--- Data shown ---

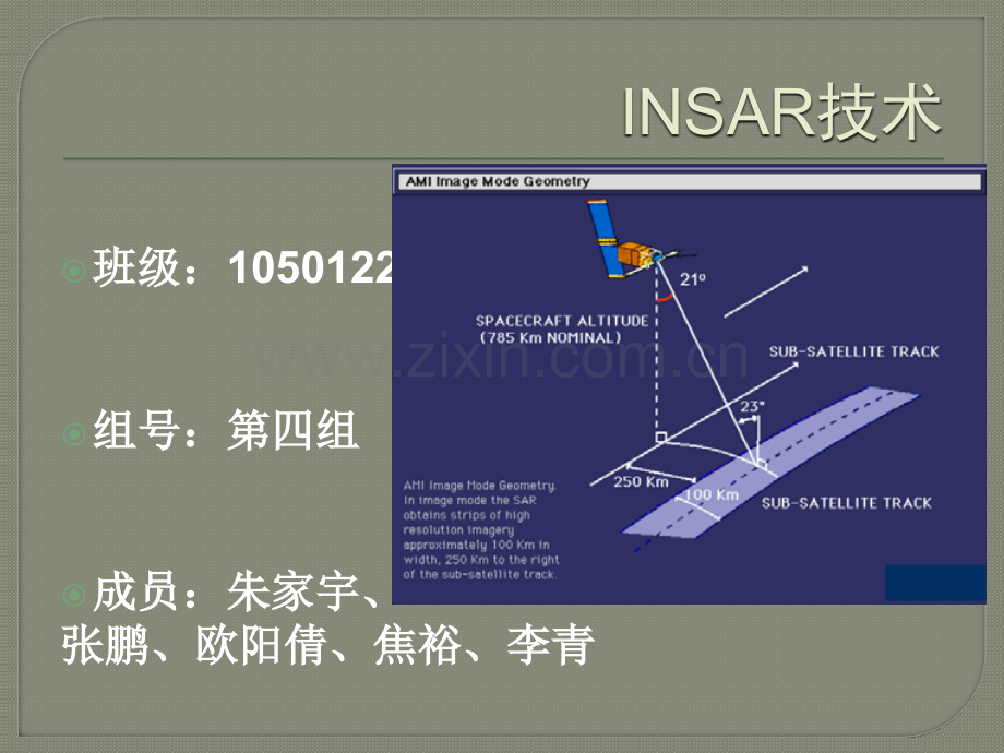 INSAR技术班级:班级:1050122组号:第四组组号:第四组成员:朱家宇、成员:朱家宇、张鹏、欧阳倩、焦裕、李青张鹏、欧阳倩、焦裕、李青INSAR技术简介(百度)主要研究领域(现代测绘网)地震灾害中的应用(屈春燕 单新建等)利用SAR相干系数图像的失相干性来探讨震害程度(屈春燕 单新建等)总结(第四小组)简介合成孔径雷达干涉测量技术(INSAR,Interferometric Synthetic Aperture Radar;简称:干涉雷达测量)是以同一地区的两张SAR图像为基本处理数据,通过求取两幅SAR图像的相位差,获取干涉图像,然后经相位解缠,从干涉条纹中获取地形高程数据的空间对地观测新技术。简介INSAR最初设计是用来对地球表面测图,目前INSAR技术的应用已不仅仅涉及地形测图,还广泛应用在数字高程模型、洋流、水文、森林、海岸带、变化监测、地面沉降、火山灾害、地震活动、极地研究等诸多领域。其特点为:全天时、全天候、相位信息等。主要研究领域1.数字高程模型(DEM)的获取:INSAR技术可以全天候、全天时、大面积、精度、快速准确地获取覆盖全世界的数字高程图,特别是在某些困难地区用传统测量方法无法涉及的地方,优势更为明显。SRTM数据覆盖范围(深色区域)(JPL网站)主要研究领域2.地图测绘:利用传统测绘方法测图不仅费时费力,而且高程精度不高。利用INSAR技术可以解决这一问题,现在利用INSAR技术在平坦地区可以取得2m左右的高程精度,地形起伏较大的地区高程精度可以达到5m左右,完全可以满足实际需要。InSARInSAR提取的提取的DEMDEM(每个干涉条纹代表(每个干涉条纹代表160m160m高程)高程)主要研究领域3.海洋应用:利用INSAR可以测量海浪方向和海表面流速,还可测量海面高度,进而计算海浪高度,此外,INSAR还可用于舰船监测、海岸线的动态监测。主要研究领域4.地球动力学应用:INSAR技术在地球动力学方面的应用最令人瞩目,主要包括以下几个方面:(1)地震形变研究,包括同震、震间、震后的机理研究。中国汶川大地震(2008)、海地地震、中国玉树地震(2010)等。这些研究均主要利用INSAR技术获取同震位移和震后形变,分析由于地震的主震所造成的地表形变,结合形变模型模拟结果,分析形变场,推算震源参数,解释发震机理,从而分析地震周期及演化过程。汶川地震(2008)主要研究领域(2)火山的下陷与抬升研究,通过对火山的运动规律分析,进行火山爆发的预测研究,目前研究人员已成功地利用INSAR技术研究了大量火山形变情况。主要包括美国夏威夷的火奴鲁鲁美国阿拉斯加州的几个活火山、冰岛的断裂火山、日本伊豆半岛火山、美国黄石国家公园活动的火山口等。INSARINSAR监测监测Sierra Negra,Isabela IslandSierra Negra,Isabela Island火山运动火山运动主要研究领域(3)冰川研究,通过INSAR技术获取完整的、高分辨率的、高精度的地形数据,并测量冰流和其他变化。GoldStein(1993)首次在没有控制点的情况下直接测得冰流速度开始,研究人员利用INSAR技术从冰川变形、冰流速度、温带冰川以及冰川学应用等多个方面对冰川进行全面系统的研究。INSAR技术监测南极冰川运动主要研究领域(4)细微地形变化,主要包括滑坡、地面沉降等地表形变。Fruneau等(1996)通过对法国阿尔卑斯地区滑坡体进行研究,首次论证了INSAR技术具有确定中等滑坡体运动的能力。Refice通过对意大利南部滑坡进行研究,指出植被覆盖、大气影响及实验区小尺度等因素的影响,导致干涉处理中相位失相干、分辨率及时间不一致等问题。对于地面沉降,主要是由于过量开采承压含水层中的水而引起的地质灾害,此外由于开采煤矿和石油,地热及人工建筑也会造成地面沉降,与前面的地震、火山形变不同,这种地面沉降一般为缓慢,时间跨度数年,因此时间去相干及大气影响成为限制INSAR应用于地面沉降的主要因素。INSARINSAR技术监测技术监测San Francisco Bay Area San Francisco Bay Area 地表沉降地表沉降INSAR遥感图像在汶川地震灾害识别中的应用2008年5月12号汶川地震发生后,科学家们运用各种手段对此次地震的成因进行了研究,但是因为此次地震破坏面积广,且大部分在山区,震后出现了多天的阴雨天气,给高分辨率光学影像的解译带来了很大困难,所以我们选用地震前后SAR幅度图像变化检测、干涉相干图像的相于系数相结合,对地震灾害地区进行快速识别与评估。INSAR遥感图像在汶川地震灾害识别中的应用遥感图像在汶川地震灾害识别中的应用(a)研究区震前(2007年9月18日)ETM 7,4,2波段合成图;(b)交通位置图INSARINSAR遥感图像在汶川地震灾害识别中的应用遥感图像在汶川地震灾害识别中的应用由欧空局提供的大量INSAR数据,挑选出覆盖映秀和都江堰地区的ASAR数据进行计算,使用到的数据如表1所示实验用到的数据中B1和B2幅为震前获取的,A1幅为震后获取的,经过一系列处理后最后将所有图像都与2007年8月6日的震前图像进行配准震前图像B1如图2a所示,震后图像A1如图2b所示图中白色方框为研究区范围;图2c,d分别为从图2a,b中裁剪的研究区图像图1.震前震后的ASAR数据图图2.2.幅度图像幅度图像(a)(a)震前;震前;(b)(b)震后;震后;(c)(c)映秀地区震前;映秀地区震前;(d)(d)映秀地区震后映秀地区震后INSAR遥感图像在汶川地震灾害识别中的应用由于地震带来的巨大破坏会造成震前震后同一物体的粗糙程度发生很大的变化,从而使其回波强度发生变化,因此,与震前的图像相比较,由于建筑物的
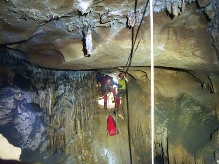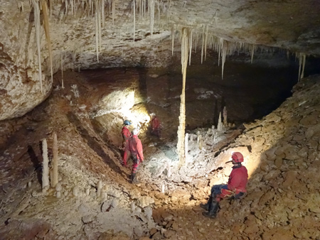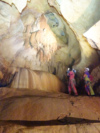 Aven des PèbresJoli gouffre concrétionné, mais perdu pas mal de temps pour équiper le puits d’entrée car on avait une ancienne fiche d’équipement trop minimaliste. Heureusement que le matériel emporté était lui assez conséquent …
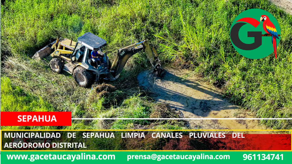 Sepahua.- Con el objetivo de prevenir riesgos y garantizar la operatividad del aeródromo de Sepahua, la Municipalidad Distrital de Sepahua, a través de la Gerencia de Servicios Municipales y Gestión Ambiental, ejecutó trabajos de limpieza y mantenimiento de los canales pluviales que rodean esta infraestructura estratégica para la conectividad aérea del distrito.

---

Word for word, copy every line of the data, excluding any pictures.

Result of the task:
 INSAR技术班级:班级:1050122组号:第四组组号:第四组成员:朱家宇、成员:朱家宇、张鹏、欧阳倩、焦裕、李青张鹏、欧阳倩、焦裕、李青INSAR技术简介(百度)主要研究领域(现代测绘网)地震灾害中的应用(屈春燕 单新建等)利用SAR相干系数图像的失相干性来探讨震害程度(屈春燕 单新建等)总结(第四小组)简介合成孔径雷达干涉测量技术(INSAR,Interferometric Synthetic Aperture Radar;简称:干涉雷达测量)是以同一地区的两张SAR图像为基本处理数据,通过求取两幅SAR图像的相位差,获取干涉图像,然后经相位解缠,从干涉条纹中获取地形高程数据的空间对地观测新技术。简介INSAR最初设计是用来对地球表面测图,目前INSAR技术的应用已不仅仅涉及地形测图,还广泛应用在数字高程模型、洋流、水文、森林、海岸带、变化监测、地面沉降、火山灾害、地震活动、极地研究等诸多领域。其特点为:全天时、全天候、相位信息等。主要研究领域1.数字高程模型(DEM)的获取:INSAR技术可以全天候、全天时、大面积、精度、快速准确地获取覆盖全世界的数字高程图,特别是在某些困难地区用传统测量方法无法涉及的地方,优势更为明显。SRTM数据覆盖范围(深色区域)(JPL网站)主要研究领域2.地图测绘:利用传统测绘方法测图不仅费时费力,而且高程精度不高。利用INSAR技术可以解决这一问题,现在利用INSAR技术在平坦地区可以取得2m左右的高程精度,地形起伏较大的地区高程精度可以达到5m左右,完全可以满足实际需要。InSARInSAR提取的提取的DEMDEM(每个干涉条纹代表(每个干涉条纹代表160m160m高程)高程)主要研究领域3.海洋应用:利用INSAR可以测量海浪方向和海表面流速,还可测量海面高度,进而计算海浪高度,此外,INSAR还可用于舰船监测、海岸线的动态监测。主要研究领域4.地球动力学应用:INSAR技术在地球动力学方面的应用最令人瞩目,主要包括以下几个方面:(1)地震形变研究,包括同震、震间、震后的机理研究。中国汶川大地震(2008)、海地地震、中国玉树地震(2010)等。这些研究均主要利用INSAR技术获取同震位移和震后形变,分析由于地震的主震所造成的地表形变,结合形变模型模拟结果,分析形变场,推算震源参数,解释发震机理,从而分析地震周期及演化过程。汶川地震(2008)主要研究领域(2)火山的下陷与抬升研究,通过对火山的运动规律分析,进行火山爆发的预测研究,目前研究人员已成功地利用INSAR技术研究了大量火山形变情况。主要包括美国夏威夷的火奴鲁鲁美国阿拉斯加州的几个活火山、冰岛的断裂火山、日本伊豆半岛火山、美国黄石国家公园活动的火山口等。INSARINSAR监测监测Sierra Negra,Isabela IslandSierra Negra,Isabela Island火山运动火山运动主要研究领域(3)冰川研究,通过INSAR技术获取完整的、高分辨率的、高精度的地形数据,并测量冰流和其他变化。GoldStein(1993)首次在没有控制点的情况下直接测得冰流速度开始,研究人员利用INSAR技术从冰川变形、冰流速度、温带冰川以及冰川学应用等多个方面对冰川进行全面系统的研究。INSAR技术监测南极冰川运动主要研究领域(4)细微地形变化,主要包括滑坡、地面沉降等地表形变。Fruneau等(1996)通过对法国阿尔卑斯地区滑坡体进行研究,首次论证了INSAR技术具有确定中等滑坡体运动的能力。Refice通过对意大利南部滑坡进行研究,指出植被覆盖、大气影响及实验区小尺度等因素的影响,导致干涉处理中相位失相干、分辨率及时间不一致等问题。对于地面沉降,主要是由于过量开采承压含水层中的水而引起的地质灾害,此外由于开采煤矿和石油,地热及人工建筑也会造成地面沉降,与前面的地震、火山形变不同,这种地面沉降一般为缓慢,时间跨度数年,因此时间去相干及大气影响成为限制INSAR应用于地面沉降的主要因素。INSARINSAR技术监测技术监测San Francisco Bay Area San Francisco Bay Area 地表沉降地表沉降INSAR遥感图像在汶川地震灾害识别中的应用2008年5月12号汶川地震发生后,科学家们运用各种手段对此次地震的成因进行了研究,但是因为此次地震破坏面积广,且大部分在山区,震后出现了多天的阴雨天气,给高分辨率光学影像的解译带来了很大困难,所以我们选用地震前后SAR幅度图像变化检测、干涉相干图像的相于系数相结合,对地震灾害地区进行快速识别与评估。INSAR遥感图像在汶川地震灾害识别中的应用遥感图像在汶川地震灾害识别中的应用(a)研究区震前(2007年9月18日)ETM 7,4,2波段合成图;(b)交通位置图INSARINSAR遥感图像在汶川地震灾害识别中的应用遥感图像在汶川地震灾害识别中的应用由欧空局提供的大量INSAR数据,挑选出覆盖映秀和都江堰地区的ASAR数据进行计算,使用到的数据如表1所示实验用到的数据中B1和B2幅为震前获取的,A1幅为震后获取的,经过一系列处理后最后将所有图像都与2007年8月6日的震前图像进行配准震前图像B1如图2a所示,震后图像A1如图2b所示图中白色方框为研究区范围;图2c,d分别为从图2a,b中裁剪的研究区图像图1.震前震后的ASAR数据图图2.2.幅度图像幅度图像(a)(a)震前;震前;(b)(b)震后;震后;(c)(c)映秀地区震前;映秀地区震前;(d)(d)映秀地区震后映秀地区震后INSAR遥感图像在汶川地震灾害识别中的应用由于地震带来的巨大破坏会造成震前震后同一物体的粗糙程度发生很大的变化,从而使其回波强度发生变化,因此,与震前的图像相比较,由于建筑物的
 Aven des PèbresJoli gouffre concrétionné, mais perdu pas mal de temps pour équiper le puits d’entrée car on avait une ancienne fiche d’équipement trop minimaliste. Heureusement que le matériel emporté était lui assez conséquent …
 Sepahua.- Con el objetivo de prevenir riesgos y garantizar la operatividad del aeródromo de Sepahua, la Municipalidad Distrital de Sepahua, a través de la Gerencia de Servicios Municipales y Gestión Ambiental, ejecutó trabajos de limpieza y mantenimiento de los canales pluviales que rodean esta infraestructura estratégica para la conectividad aérea del distrito.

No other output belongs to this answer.